Je sais que mes parents sont quelques part par là, dans l'auditorium, mais du sixième rang ou je me suis installée en espérant passer inaperçu, je ne voit que des toques rouges et des pompons dorés.
Puis vient le moment où le Président de l'Université sort des coulisses sous les applaudissements de la foule. Lorsqu'il est fin prêt, il sourit, balaie la foule du regard et se lance dans un discours brillant et plein d'esprit.
Une fois le discours terminé, j'ai le cœur dans la gorge. Je sais que le moment arrive où ils vont enfin entamer le long et fastidieux processus de la remise des diplômes. On est plus de quatre cents étudiants et un bon quart d'heure s'écoule avant qu'on ne m'appelle. Les applaudissements éclatent lorsque j'avance vers l'estrade et je serre la main que me tend le Président de l'université.
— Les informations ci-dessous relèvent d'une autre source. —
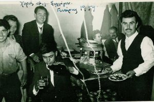 Πρωτοχρονιάτικος χορός Φιλολογικού Συλλόγου Κισάμου (1959). Από αριστερά: Γεράσιμος Σκαράκης, Φιλένια Πατεράκη, Λευτέρης Παπαδάκης, Ανδρέας Ξηρουχάκης, Γιάννης...

- Félicitation Mademoiselle Carpenter !
Je jette un regard dans l'assistance, Colin se tient aux côté de mes parents et m'adresse un regard fier et chaleureux. L'un des quatre vice-présidents me remet ma licence d'histoire et me serre la main tandis que le photographe officiel immortalise ce moment.
Une fois descendue prudemment de l'estrade, je reçois les félicitations et encouragements de mes anciens professeurs et camarades de classe.
La salle est toujours bondée, et mes parents n'ont pas bougé de place. A l'instant où nos regards se croisent, ma mère agite la main tandis que mon père descend les quelques marches pour me rejoindre.
Il tient fermement mes épaules et m'embrasse le front ce qui a le chic de me surprendre. Mon père n'a jamais été très démonstratif affectivement et je me rend compte que c'est tout simplement sa façon à lui de me montrer qu'il est fier de moi.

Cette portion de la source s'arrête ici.